# [TASK REQUIREMENTS]
Every record needs to come back as written, except for the pictures.

*** Opening of AVAILABLE DATA ***

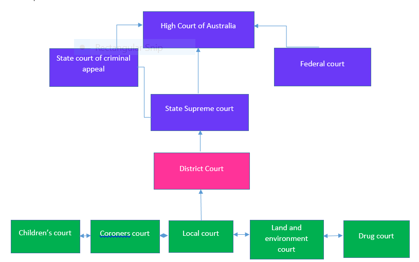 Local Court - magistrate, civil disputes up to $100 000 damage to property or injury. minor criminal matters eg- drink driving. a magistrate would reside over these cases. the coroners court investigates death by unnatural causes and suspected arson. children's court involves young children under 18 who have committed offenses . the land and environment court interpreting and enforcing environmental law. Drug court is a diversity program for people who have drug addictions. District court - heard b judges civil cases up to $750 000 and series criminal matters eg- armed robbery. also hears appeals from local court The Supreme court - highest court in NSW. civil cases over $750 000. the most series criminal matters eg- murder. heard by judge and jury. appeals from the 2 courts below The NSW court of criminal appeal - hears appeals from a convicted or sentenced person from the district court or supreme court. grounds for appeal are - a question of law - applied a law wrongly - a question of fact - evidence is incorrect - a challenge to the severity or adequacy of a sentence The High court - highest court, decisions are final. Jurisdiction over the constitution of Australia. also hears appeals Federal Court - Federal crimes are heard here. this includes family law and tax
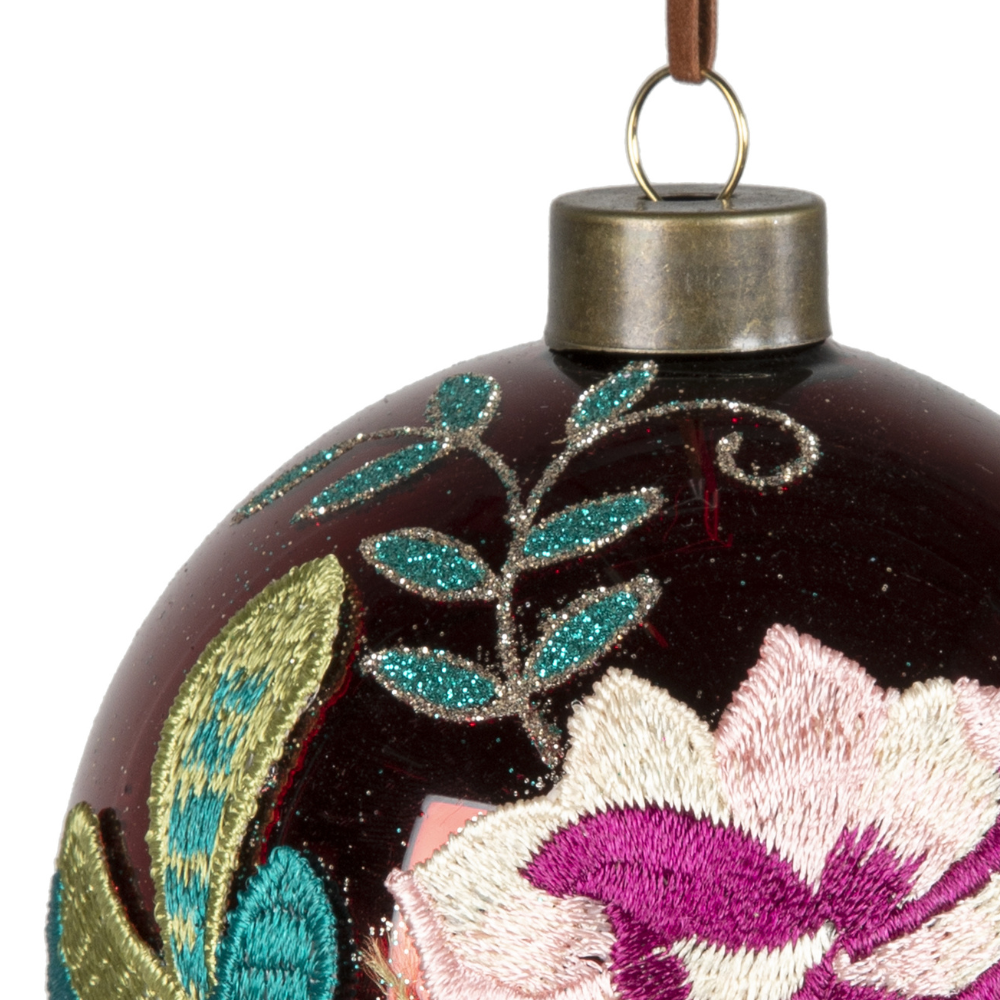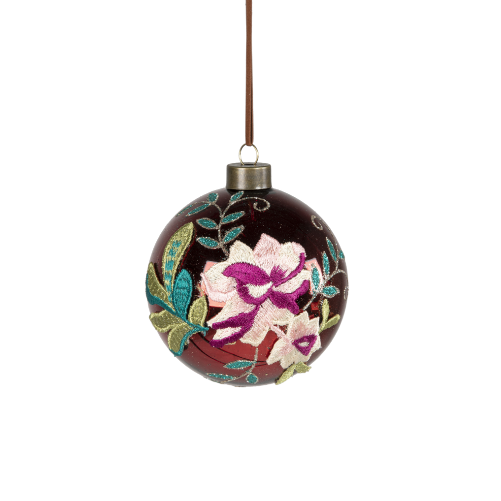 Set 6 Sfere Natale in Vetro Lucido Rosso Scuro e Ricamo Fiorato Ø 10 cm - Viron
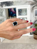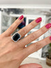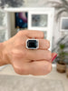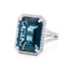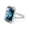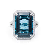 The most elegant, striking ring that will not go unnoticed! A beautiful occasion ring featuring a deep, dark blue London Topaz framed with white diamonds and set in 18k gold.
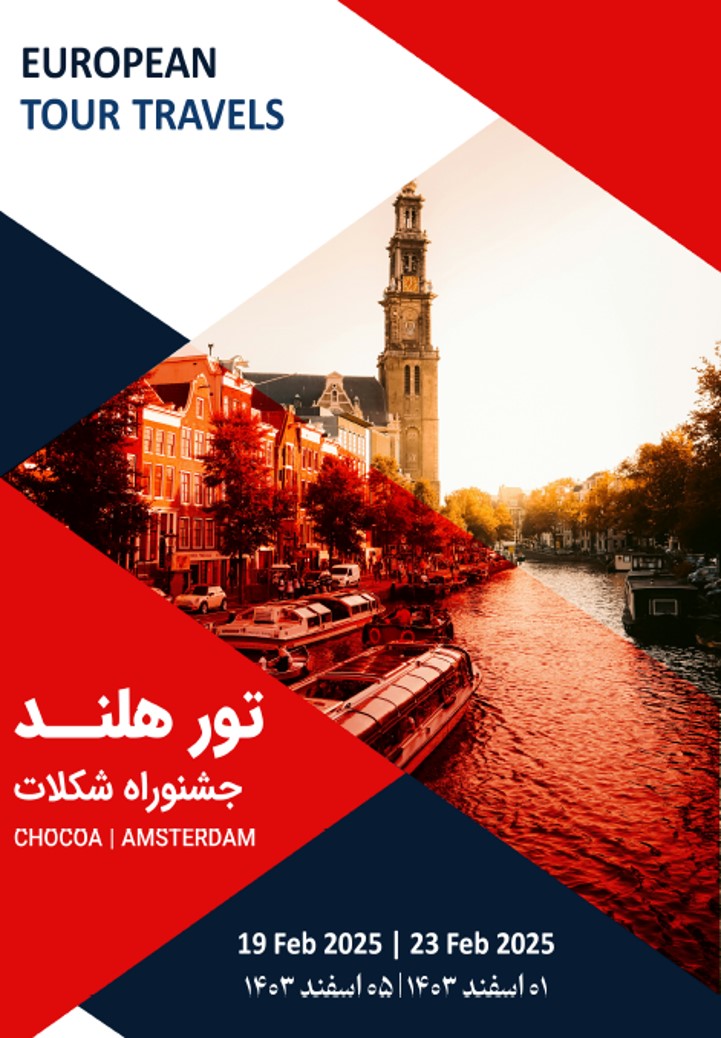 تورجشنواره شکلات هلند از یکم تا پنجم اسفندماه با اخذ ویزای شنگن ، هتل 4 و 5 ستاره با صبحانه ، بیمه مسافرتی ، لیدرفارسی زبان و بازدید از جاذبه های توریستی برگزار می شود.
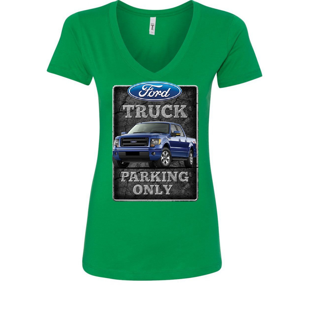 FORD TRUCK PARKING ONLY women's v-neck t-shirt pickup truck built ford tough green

*** Close of AVAILABLE DATA ***

# [ANSWER SECTION]
 Local Court - magistrate, civil disputes up to $100 000 damage to property or injury. minor criminal matters eg- drink driving. a magistrate would reside over these cases. the coroners court investigates death by unnatural causes and suspected arson. children's court involves young children under 18 who have committed offenses . the land and environment court interpreting and enforcing environmental law. Drug court is a diversity program for people who have drug addictions. District court - heard b judges civil cases up to $750 000 and series criminal matters eg- armed robbery. also hears appeals from local court The Supreme court - highest court in NSW. civil cases over $750 000. the most series criminal matters eg- murder. heard by judge and jury. appeals from the 2 courts below The NSW court of criminal appeal - hears appeals from a convicted or sentenced person from the district court or supreme court. grounds for appeal are - a question of law - applied a law wrongly - a question of fact - evidence is incorrect - a challenge to the severity or adequacy of a sentence The High court - highest court, decisions are final. Jurisdiction over the constitution of Australia. also hears appeals Federal Court - Federal crimes are heard here. this includes family law and tax
 Set 6 Sfere Natale in Vetro Lucido Rosso Scuro e Ricamo Fiorato Ø 10 cm - Viron
 The most elegant, striking ring that will not go unnoticed! A beautiful occasion ring featuring a deep, dark blue London Topaz framed with white diamonds and set in 18k gold.
 تورجشنواره شکلات هلند از یکم تا پنجم اسفندماه با اخذ ویزای شنگن ، هتل 4 و 5 ستاره با صبحانه ، بیمه مسافرتی ، لیدرفارسی زبان و بازدید از جاذبه های توریستی برگزار می شود.
 FORD TRUCK PARKING ONLY women's v-neck t-shirt pickup truck built ford tough green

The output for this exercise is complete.